Having proved reliable from the penalty spot for south London side Crystal Palace this 2017/18 Premier League season, Luka Milivojevic is aiming deliver for Serbia when it matters most, at the FIFA World Cup™.
- Serbia’s Luka Milivojevic sets sights on Russia 2018 knockout stage
- Heads to the FIFA World Cup with exceptional penalty record
- Crystal Palace captain became a national team regular in qualifying
In the pressure cooker atmosphere of a FIFA World Cup™ shoot-out, a penalty-taker with nerves of steel and unshakeable confidence is an invaluable asset.
Serbia look to have that in Luka Milivojevic. In 15 months at Crystal Palace the defensive midfielder has already buried nine penalties, missing just one. This is hardly a long-honed attribute of his game, either, with Milivojevic having not scored from 12 yards professionally prior to his move to London. Instead, it was simply a matter of necessity.
“I practiced free-kicks a lot when Sam Allardyce was the manager and I was pretty successful in training,” the 27-year-old explained, talent he put to great use at Olympiakos in Greece and shown flashes of in England. “I think we were struggling with penalties as we had missed some in the past, and in a meeting in front of all the players, the manager asked me if I was confident enough to take them.”

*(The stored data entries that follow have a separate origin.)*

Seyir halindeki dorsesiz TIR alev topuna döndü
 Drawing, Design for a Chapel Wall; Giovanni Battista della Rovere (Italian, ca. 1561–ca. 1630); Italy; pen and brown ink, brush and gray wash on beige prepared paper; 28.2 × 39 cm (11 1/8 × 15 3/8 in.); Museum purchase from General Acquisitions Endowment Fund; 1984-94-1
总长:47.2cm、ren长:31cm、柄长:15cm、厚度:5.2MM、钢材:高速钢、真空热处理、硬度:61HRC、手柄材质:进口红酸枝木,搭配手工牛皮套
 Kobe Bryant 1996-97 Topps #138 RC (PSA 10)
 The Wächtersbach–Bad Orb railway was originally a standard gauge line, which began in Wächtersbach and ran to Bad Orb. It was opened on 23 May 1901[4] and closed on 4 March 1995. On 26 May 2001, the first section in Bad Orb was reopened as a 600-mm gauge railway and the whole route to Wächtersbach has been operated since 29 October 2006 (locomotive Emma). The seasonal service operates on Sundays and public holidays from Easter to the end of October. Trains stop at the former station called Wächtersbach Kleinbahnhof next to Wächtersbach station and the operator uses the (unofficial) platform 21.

Milivojevic has let his right foot do the talking ever since, answering his former boss with a resounding ‘yes’. Now, he will look to take his sharpshooting skills from the English Premier League to the World Cup.
On a high
Serbia head to Russia with dreams of escaping the group stages for the very first time as an independent nation, with the Palace man now a solid fixture of their setup. Having operated on the fringes of the squad in late 2012, Milivojevic found a home at the heart of their midfield under Slavoljub Muslin in qualifying and will be hoping that trend continues under Mladen Krstajic.
“I think [reaching the World Cup] is the biggest thing in my career so far,” he said, following a group stage exit at South Africa 2010. “It’s hard to get into, especially for teams from Europe. We had some good group matches and we qualified top of it, so I’m very excited to get to Russia.”

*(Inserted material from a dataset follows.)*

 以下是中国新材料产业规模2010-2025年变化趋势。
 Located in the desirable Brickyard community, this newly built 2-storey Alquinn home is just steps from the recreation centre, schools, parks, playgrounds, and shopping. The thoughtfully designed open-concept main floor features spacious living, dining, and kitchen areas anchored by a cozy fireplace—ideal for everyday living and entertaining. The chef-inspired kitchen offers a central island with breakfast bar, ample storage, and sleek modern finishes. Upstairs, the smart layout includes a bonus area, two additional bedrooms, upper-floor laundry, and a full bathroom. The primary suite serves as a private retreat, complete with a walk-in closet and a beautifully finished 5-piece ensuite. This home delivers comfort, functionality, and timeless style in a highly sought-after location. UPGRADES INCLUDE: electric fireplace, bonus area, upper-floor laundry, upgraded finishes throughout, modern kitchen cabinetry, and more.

Milivojevic’s quality was recognised at an early age, when he was plucked from FK Rad to cross-town giants Red Star Belgrade by none other than former Yugoslavia and Croatia star Robert Prosinecki, with his leadership skills shining brightly. A mixed spell at Belgian heavyweights Anderlecht then preceded his move to Greece, where his career really took off.
A race for second
Now in south London, he has remained on that trajectory, already sporting the captain’s armband as Palace recovered from a dire start to the season to comfortably stay in the top flight under former England boss Roy Hodgson. His settled look on the pitch replicates his feelings off it. “If you are happy outside of football, it can help you with your confidence,” he explained.
Krstajic will hope Milivojevic transports that confidence east, as reaching the knockout stages will be no pushover being paired with Costa Rica, Switzerland and a hotly-tipped Brazil. “The group is very strong,” the tough-tackling midfielder, who has 26 caps to date, admitted.
“When you’re playing against Brazil, you’re playing against the best national team in the world. They’re going to be favourites to win the World Cup, but I’m very excited to play against them.”
Expectations are high back home that they can find their way through, though. “I read in some Serbian newspapers that Brazil will be first in the group, we will be second, and then it’ll be Switzerland and Costa Rica. But I think people from Switzerland and Costa Rica will think the same as us,” Milivojevic conceded.
“If we finish second in the group, that will be a huge success for our national team, and even if we do we might then have to play against Germany!”
With the reigning champions having won their last six penalty shoot-outs, Serbia may end up thanking their lucky stars they have someone with no hang-ups about placing the ball on the spot.